====== MATERIAL PROVIDED ======
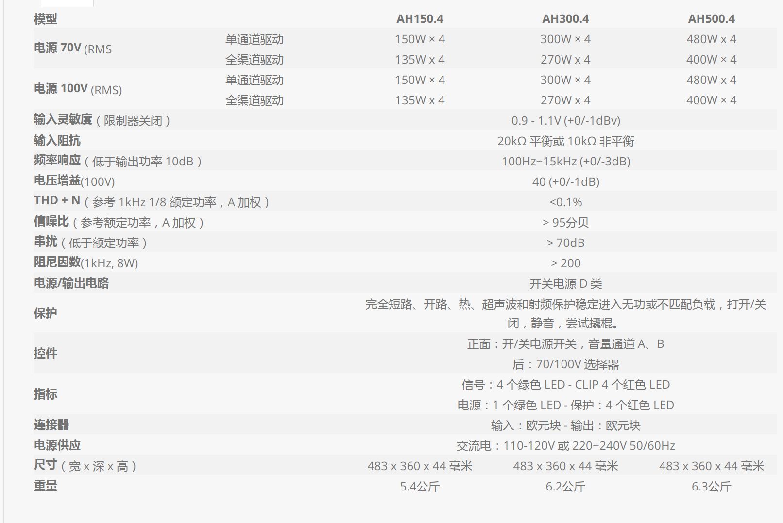 多通道高压D类功放AH150.4/AH300.4/AH500.4
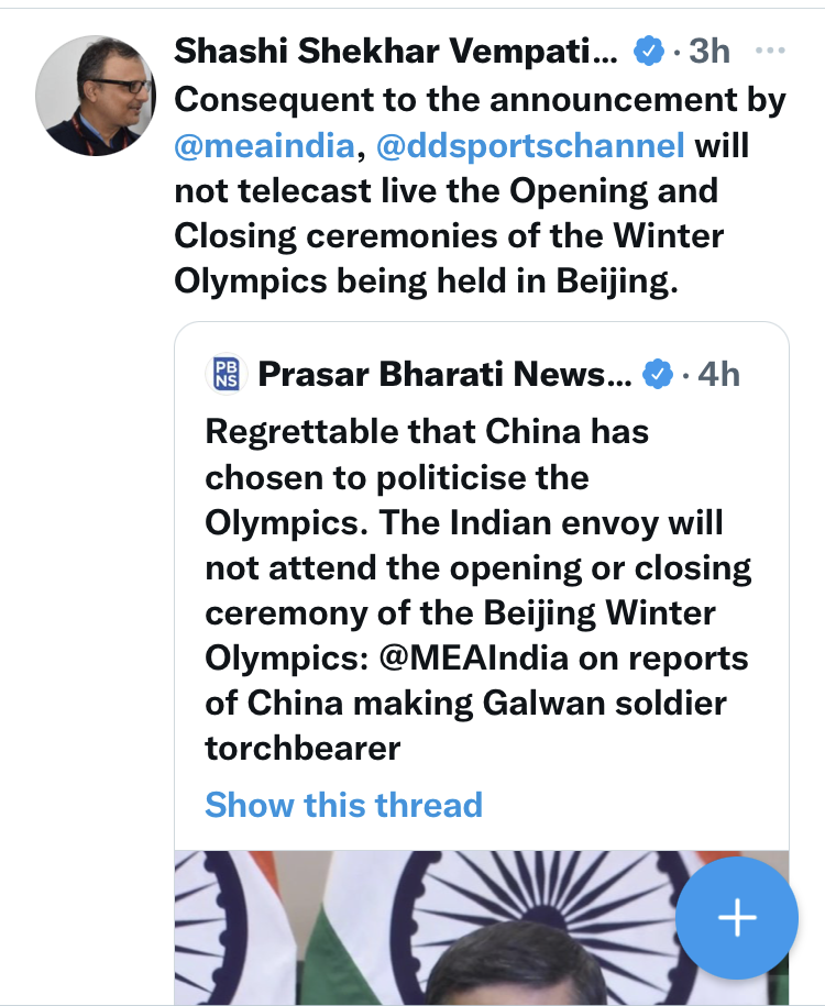 “Consequent to the announcement by @meaindia, @ddsportschannel will not telecast live the Opening and Closing ceremonies of the Winter Olympics being held in Beijing,” tweeted Shashi S. Vempati, CEO of Prasar Bharati, which is the parent of Doordarshan and All India Radio.
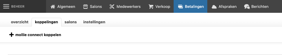 Om klanten via een betaalverzoek te laten betalen, is koppeling met Mollie, MultiSafepay of CCV van het bedrijf vereist binnen Salonhub.
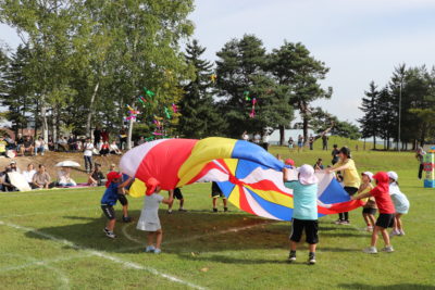 「せーの!」お友だちと息を合わせて大きなバルーンになりました!
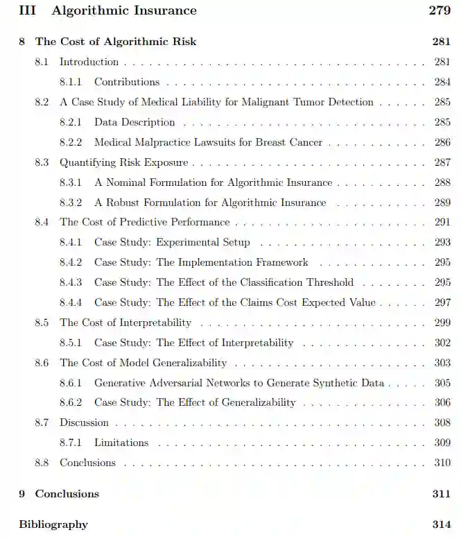 现代医疗保健组织中数据驱动工具的实施同时扰乱了保险业。通过提供强大的预测模型来估计可能导致索赔的不良事件(即心脏病发作、癌症等)的概率,分析已经开始超越健康保险中的传统精算方法。未来,机器学习算法有望发挥更核心的作用,因为在预测性和规范性性能产生更好结果的情况下,它们将被要求取代人类决策。这种转变引发了具有挑战性的问题:“如果算法的推荐错误,谁来承担责任?”和“我们如何保护决策者免受错误的算法预测?”随着人工智能开始融入组织的决策过程,必须开发新型保险产品来保护其所有者免受风险。潜在的例子包括应用于放射学的图像识别系统,这些系统可能承担医疗责任,并从医疗保健扩展到自动驾驶汽车或用于制造的预测性维护算法,以及许多其他应用。第三部分为称为算法保险的新研究领域奠定了基础。我们提出了一个全面的量化过程来估计算法责任保险合同的风险敞口,同时考虑到二元分类模型的预测性能、可解释性和可概括性。我们在医疗事故的背景下展示了我们的方法实施。
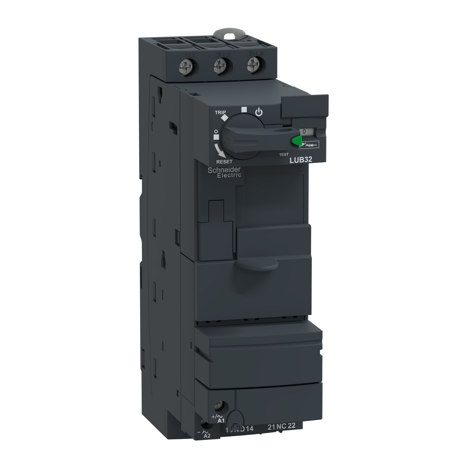 Grundgeräte TeSys U. Grundgerät, TeSys U, 32A, ohne Klemmen. Bemessungsleistung 0,1-15 kW, Drehrichtungen 1, MTZ 13, Steuerspannung . Universelle Grundgeräte mit vorverdrahteter Schalt- und Schutzkombination, serienmäßig bis 12 / 32 A und mit 2 Hilfskontakten (1 S + 1 Ö). Baubreite bis 15 kW nur 45 mm (Direkt- und Wendestarter), vollständige Koordination nach IEC 947-6-2 (verschweißfrei). TeSys U ist ein kompletter Motorabgang, der die Funktionen von Motorschutzschalter und Schütz beinhaltet. Mit lediglich zwei Grundgeräten deckt man den Leistungsbereich von 0,1-15 kW ab. Der Clou Die Steuerspannung und der Strombereich müssen erst in letzter Sekunde durch eine steckbare Steuereinheit bestimmt werden.
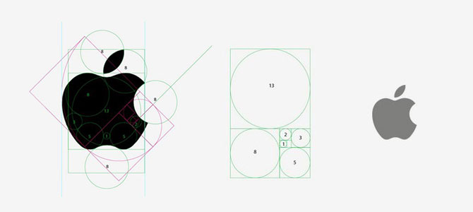 從上述的例圖中,拿蘋果的logo來分析,在蘋果logo輔助線分解中,我們可以看出蘋果logo的設計正是采用半徑1,1,2,3,5,8,13的圓切割而成,也就是上述我們說的斐波那契數(shù)列。
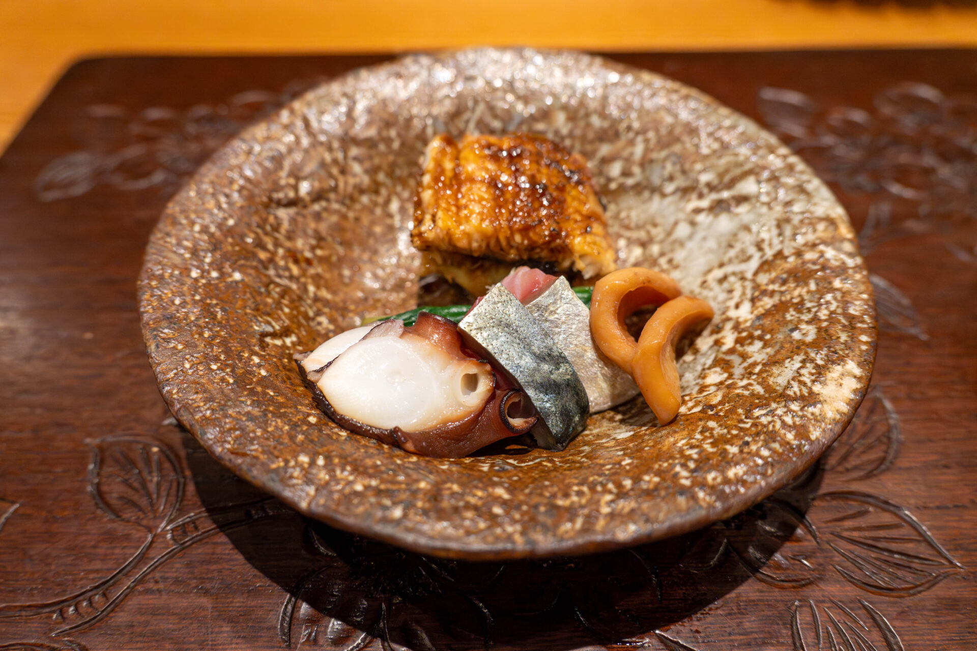 炭火で香ばしく焼き上げた愛知産の鰻は、脂の甘みと香りが凝縮。お好みで高知・仁淀川の山椒を添えれば、清涼感が後を引く。燻製にした蛸は、噛むほどに燻香と旨みが広がり、柔らかさの中に心地よい歯ごたえ。対馬の鯖は軽く締めて、脂の旨みと酸味のバランスを生かし、ヤリイカはオイル漬けにしてまろやかな甘みとコクを纏わせている。ひと皿の中で異なる海の表情を味わわせる盛り合わせです。
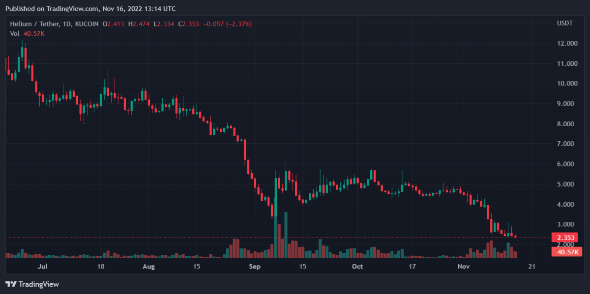 Helium 的市值估计为 307,908,353 美元。该代币的 24 小时交易量约为 6,826,618 美元。以其原生货币 HNT 计算,相同金额约为 2,894,936 HNT。.
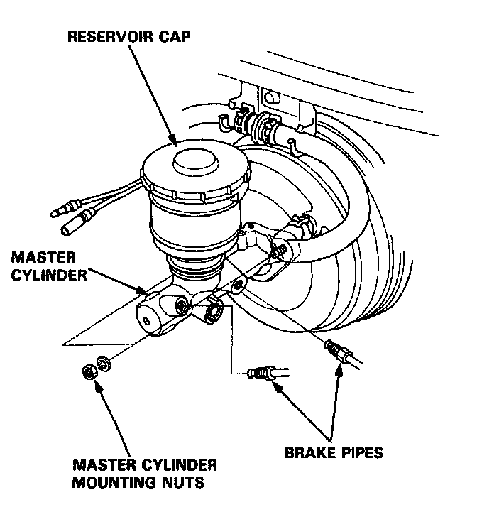 5. Remove the master cylinder mounting nuts and the master cylinder from the brake booster.
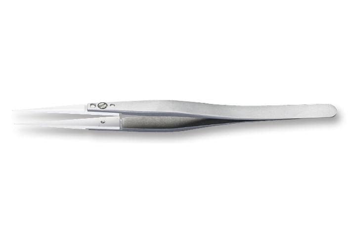 Pinzette, Keramik, austauschbare Spitzen, Pinzette und Ersatzspitzen, 1 Stück, 71 MZ.SA Pinzette, Keramik, austauschbare Spitzen. Gesamtlänge: 45 mm. Material des Pinzetten-Körpers: Edelstahl. Material der Pinzettenspitze: Keramik. SVHC: Keine SVHC (15. Januar 2019). Griffmaterial: Edelstahl.
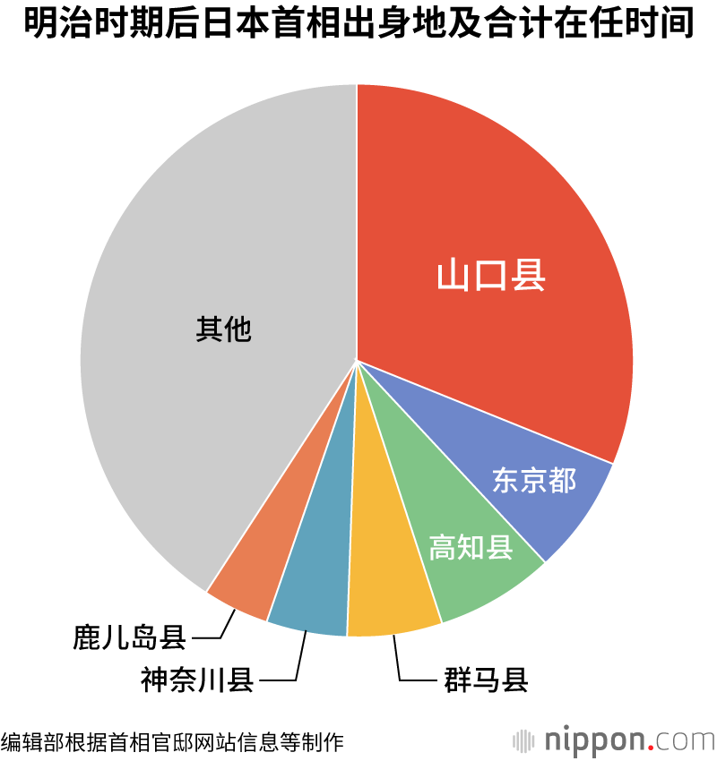 从日本第一任首相伊藤博文算起,迄今共有八位首相是山口县人。他们的合计在任时间达到了15268天,意味着1855年12月22日伊藤博文就任首相以后,三分之一的时间都是由山口县人在担任首相。
======
• _EXERCISE GOAL_
Leave out every picture, and repeat word for word only the lines from the one holding "從上述的例圖中,拿蘋果的lo" through the end of the entries above, both ends included.

• _ANSWER TO THIS TASK_
 從上述的例圖中,拿蘋果的logo來分析,在蘋果logo輔助線分解中,我們可以看出蘋果logo的設計正是采用半徑1,1,2,3,5,8,13的圓切割而成,也就是上述我們說的斐波那契數(shù)列。
 炭火で香ばしく焼き上げた愛知産の鰻は、脂の甘みと香りが凝縮。お好みで高知・仁淀川の山椒を添えれば、清涼感が後を引く。燻製にした蛸は、噛むほどに燻香と旨みが広がり、柔らかさの中に心地よい歯ごたえ。対馬の鯖は軽く締めて、脂の旨みと酸味のバランスを生かし、ヤリイカはオイル漬けにしてまろやかな甘みとコクを纏わせている。ひと皿の中で異なる海の表情を味わわせる盛り合わせです。
 Helium 的市值估计为 307,908,353 美元。该代币的 24 小时交易量约为 6,826,618 美元。以其原生货币 HNT 计算,相同金额约为 2,894,936 HNT。.
 5. Remove the master cylinder mounting nuts and the master cylinder from the brake booster.
 Pinzette, Keramik, austauschbare Spitzen, Pinzette und Ersatzspitzen, 1 Stück, 71 MZ.SA Pinzette, Keramik, austauschbare Spitzen. Gesamtlänge: 45 mm. Material des Pinzetten-Körpers: Edelstahl. Material der Pinzettenspitze: Keramik. SVHC: Keine SVHC (15. Januar 2019). Griffmaterial: Edelstahl.
 从日本第一任首相伊藤博文算起,迄今共有八位首相是山口县人。他们的合计在任时间达到了15268天,意味着1855年12月22日伊藤博文就任首相以后,三分之一的时间都是由山口县人在担任首相。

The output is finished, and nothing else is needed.